Title: Adult tongue rhabdomyosarcoma: A rare case report and review of diagnostic and therapeutic challenges
Abstract:
Rhabdomyosarcoma (RMS) is a malignant mesenchymal neoplasm characterized by skeletal muscle differentiation and is predominantly a paediatric malignancy. It represents the most common soft-tissue sarcoma in children; however, its occurrence in adults is rare and often associated with a poorer prognosis. Within the head and neck region, RMS commonly arises in the orbit, nasopharynx, or paranasal sinuses. Primary involvement of the tongue in adults is exceedingly uncommon, creating diagnostic and therapeutic challenges for clinicians in oral and maxillofacial surgery. This report describes a rare case of rhabdomyosarcoma of the tongue in and discusses the clinical, radiological, histopathological, and management considerations relevant to this unusual presentation. A 35-year-old female presented with a firm asymptomatic slow growing mass on the anterior tip of the tongue. Clinical examination revealed a 20mmx10mm distinct palpable lesion on the midline of the tongue, with slightly erythematous overlying mucosa. Initial differential diagnoses included benign muscular tumours, granular cell tumour, minor salivary gland neoplasm, and soft tissue sarcoma. Magnetic resonance imaging demonstrated a well-defined soft-tissue lesion indicative of a minor salivary gland tumour without obvious nodal involvement.

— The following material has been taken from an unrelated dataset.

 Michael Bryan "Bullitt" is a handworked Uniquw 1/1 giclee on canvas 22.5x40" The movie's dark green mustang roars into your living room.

An excisional biopsy followed by histopathological analysis revealed a malignant indolent spindle-shaped Rhabdomyosarcoma with evidence of skeletal muscle differentiation. Immunohistochemical staining showed positivity for desmin, myogenin (sparse), and MyoD1 (extensive), confirming the diagnosis of rhabdomyosarcoma. Further staging investigations excluded distant metastasis. The patient was later referred to a different centre following a multidisciplinary discussion involving oral and maxillofacial surgery, oncology, and pathology teams.

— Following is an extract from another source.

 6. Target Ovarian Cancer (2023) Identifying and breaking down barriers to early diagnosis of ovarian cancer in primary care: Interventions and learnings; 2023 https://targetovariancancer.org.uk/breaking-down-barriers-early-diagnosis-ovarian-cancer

Adult rhabdomyosarcoma of the tongue is extremely rare and may mimic more common benign or malignant oral lesions, leading to potential delays in diagnosis. Early biopsy of suspicious tongue lesions and the use of immunohistochemistry are essential for accurate diagnosis. Due to the rarity of this tumour in adults, optimal treatment strategies are not well standardized, but current evidence supports aggressive multimodal therapy combining surgery, chemotherapy, and radiotherapy to improve outcomes. This case highlights the importance of considering rhabdomyosarcoma in the differential diagnosis of unusual tongue masses in adults and underscores the need for early multidisciplinary management to optimize prognosis.